INFORMATION

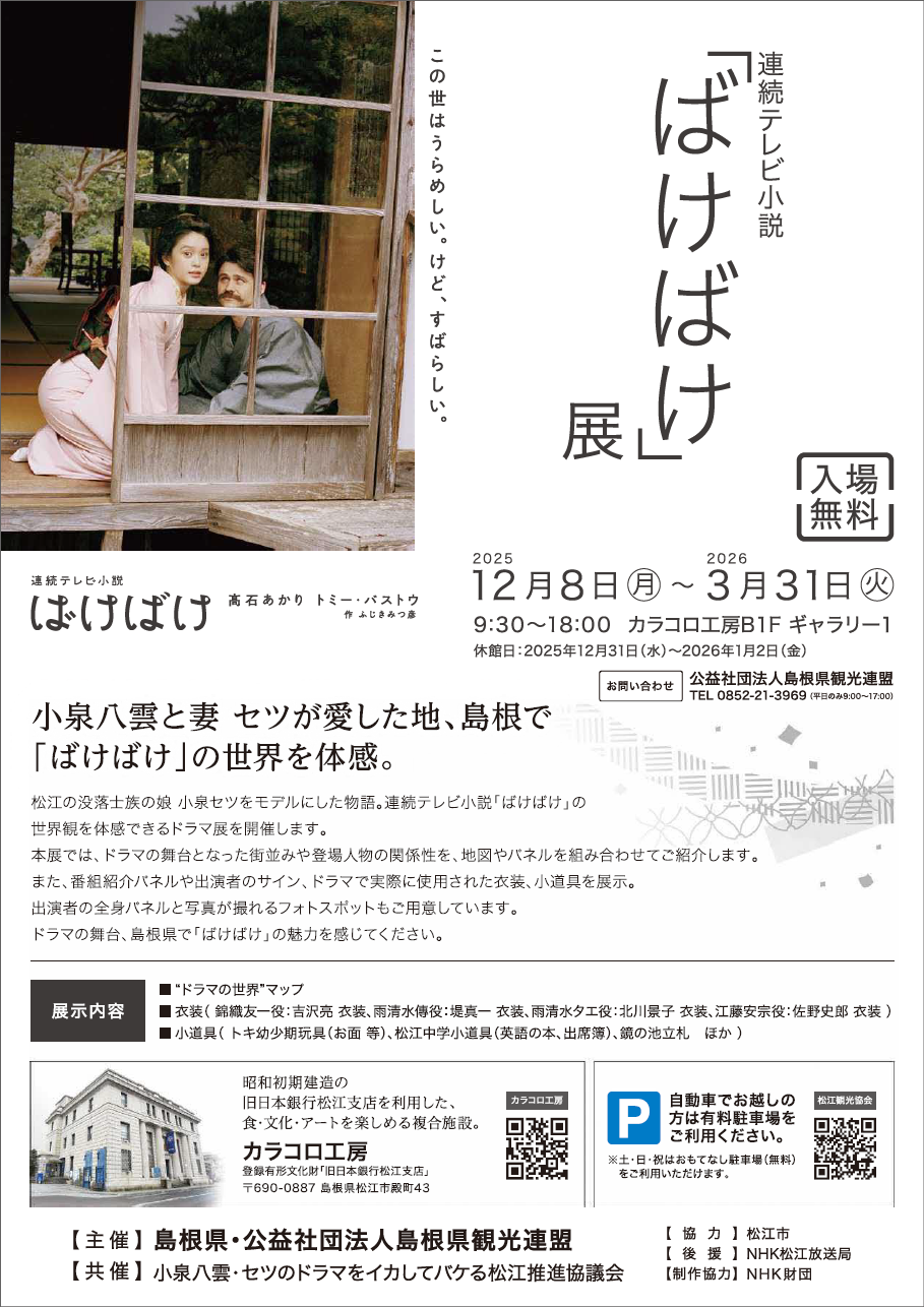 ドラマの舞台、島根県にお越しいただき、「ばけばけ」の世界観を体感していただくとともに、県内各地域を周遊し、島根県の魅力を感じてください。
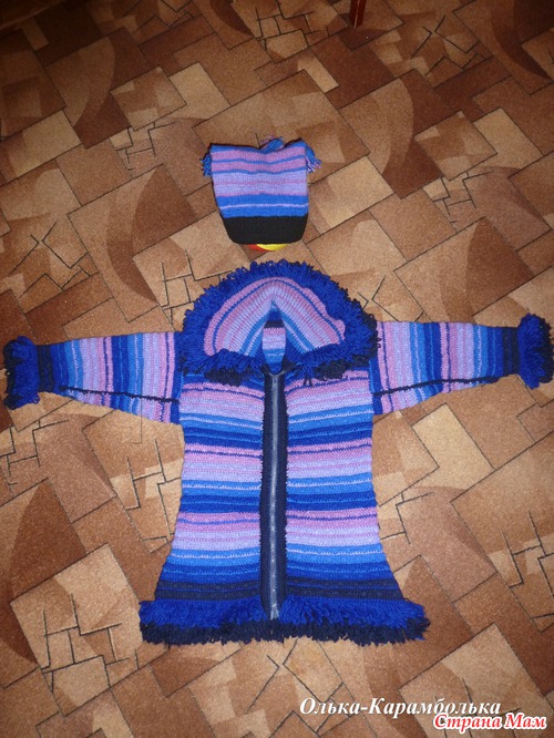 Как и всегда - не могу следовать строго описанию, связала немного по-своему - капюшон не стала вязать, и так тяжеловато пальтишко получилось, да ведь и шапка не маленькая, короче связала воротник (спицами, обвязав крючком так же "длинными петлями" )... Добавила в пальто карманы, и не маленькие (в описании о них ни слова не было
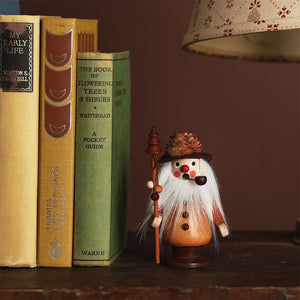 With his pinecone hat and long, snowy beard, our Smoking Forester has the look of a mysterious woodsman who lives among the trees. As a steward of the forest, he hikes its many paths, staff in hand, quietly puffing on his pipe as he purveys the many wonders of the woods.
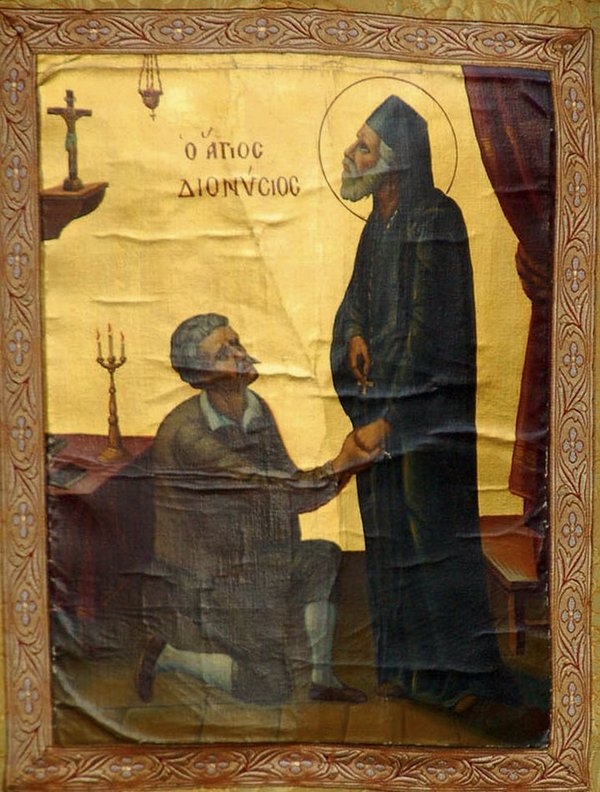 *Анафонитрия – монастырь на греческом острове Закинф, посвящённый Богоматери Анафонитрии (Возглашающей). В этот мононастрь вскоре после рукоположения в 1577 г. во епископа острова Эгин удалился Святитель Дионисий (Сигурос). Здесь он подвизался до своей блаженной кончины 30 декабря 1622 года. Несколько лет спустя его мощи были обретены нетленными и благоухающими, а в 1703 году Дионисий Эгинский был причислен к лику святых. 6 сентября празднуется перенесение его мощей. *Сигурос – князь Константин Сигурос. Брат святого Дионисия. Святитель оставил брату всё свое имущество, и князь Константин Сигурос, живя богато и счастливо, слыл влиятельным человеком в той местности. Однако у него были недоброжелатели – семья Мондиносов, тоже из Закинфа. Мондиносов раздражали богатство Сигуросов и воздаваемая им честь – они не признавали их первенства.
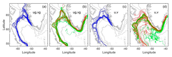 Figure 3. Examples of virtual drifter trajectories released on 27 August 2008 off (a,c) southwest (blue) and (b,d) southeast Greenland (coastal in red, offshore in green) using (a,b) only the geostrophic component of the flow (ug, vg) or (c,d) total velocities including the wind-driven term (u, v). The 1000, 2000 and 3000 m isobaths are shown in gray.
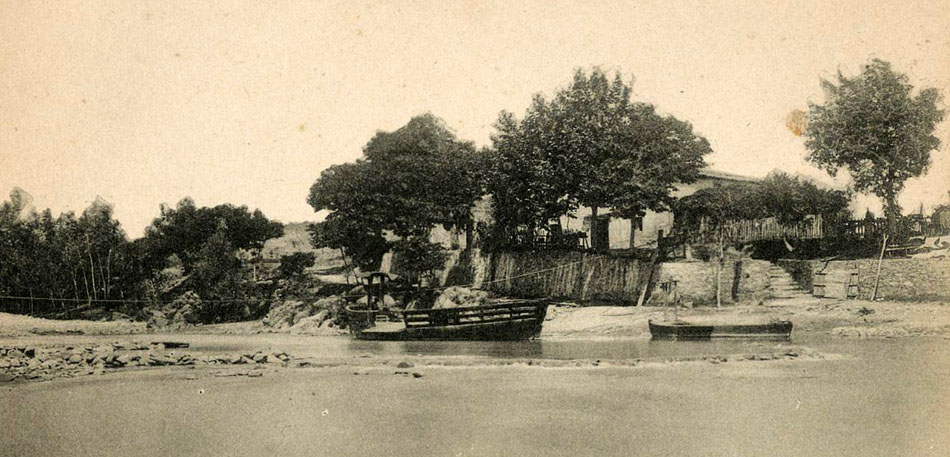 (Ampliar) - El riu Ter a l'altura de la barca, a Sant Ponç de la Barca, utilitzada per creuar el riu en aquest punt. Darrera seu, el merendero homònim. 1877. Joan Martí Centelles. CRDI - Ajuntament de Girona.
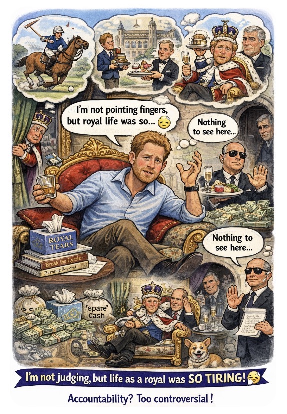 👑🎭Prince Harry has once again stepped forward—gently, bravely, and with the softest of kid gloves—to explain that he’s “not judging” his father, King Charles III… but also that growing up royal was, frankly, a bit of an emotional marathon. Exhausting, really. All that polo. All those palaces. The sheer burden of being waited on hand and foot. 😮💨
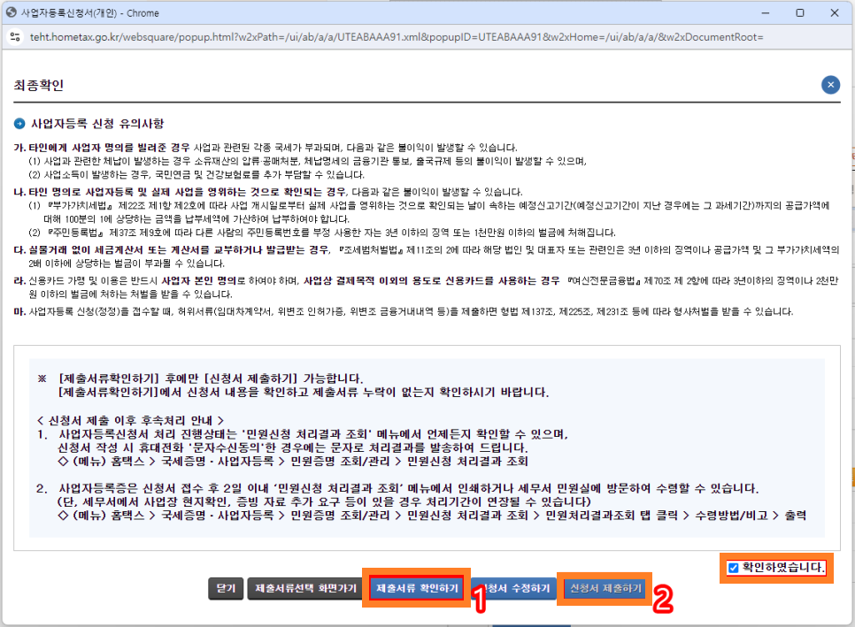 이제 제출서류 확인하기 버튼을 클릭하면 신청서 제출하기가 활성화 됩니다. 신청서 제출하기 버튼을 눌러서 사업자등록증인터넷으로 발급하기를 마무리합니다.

INSTRUCTIONS FOR THE TASK
The lines from the one containing "Figure 3. Examples" up to and including the last line of the material above are to be given again exactly; any pictures are dropped.

RESPONSE TO THE EXERCISE
 Figure 3. Examples of virtual drifter trajectories released on 27 August 2008 off (a,c) southwest (blue) and (b,d) southeast Greenland (coastal in red, offshore in green) using (a,b) only the geostrophic component of the flow (ug, vg) or (c,d) total velocities including the wind-driven term (u, v). The 1000, 2000 and 3000 m isobaths are shown in gray.
 (Ampliar) - El riu Ter a l'altura de la barca, a Sant Ponç de la Barca, utilitzada per creuar el riu en aquest punt. Darrera seu, el merendero homònim. 1877. Joan Martí Centelles. CRDI - Ajuntament de Girona.
 👑🎭Prince Harry has once again stepped forward—gently, bravely, and with the softest of kid gloves—to explain that he’s “not judging” his father, King Charles III… but also that growing up royal was, frankly, a bit of an emotional marathon. Exhausting, really. All that polo. All those palaces. The sheer burden of being waited on hand and foot. 😮💨
 이제 제출서류 확인하기 버튼을 클릭하면 신청서 제출하기가 활성화 됩니다. 신청서 제출하기 버튼을 눌러서 사업자등록증인터넷으로 발급하기를 마무리합니다.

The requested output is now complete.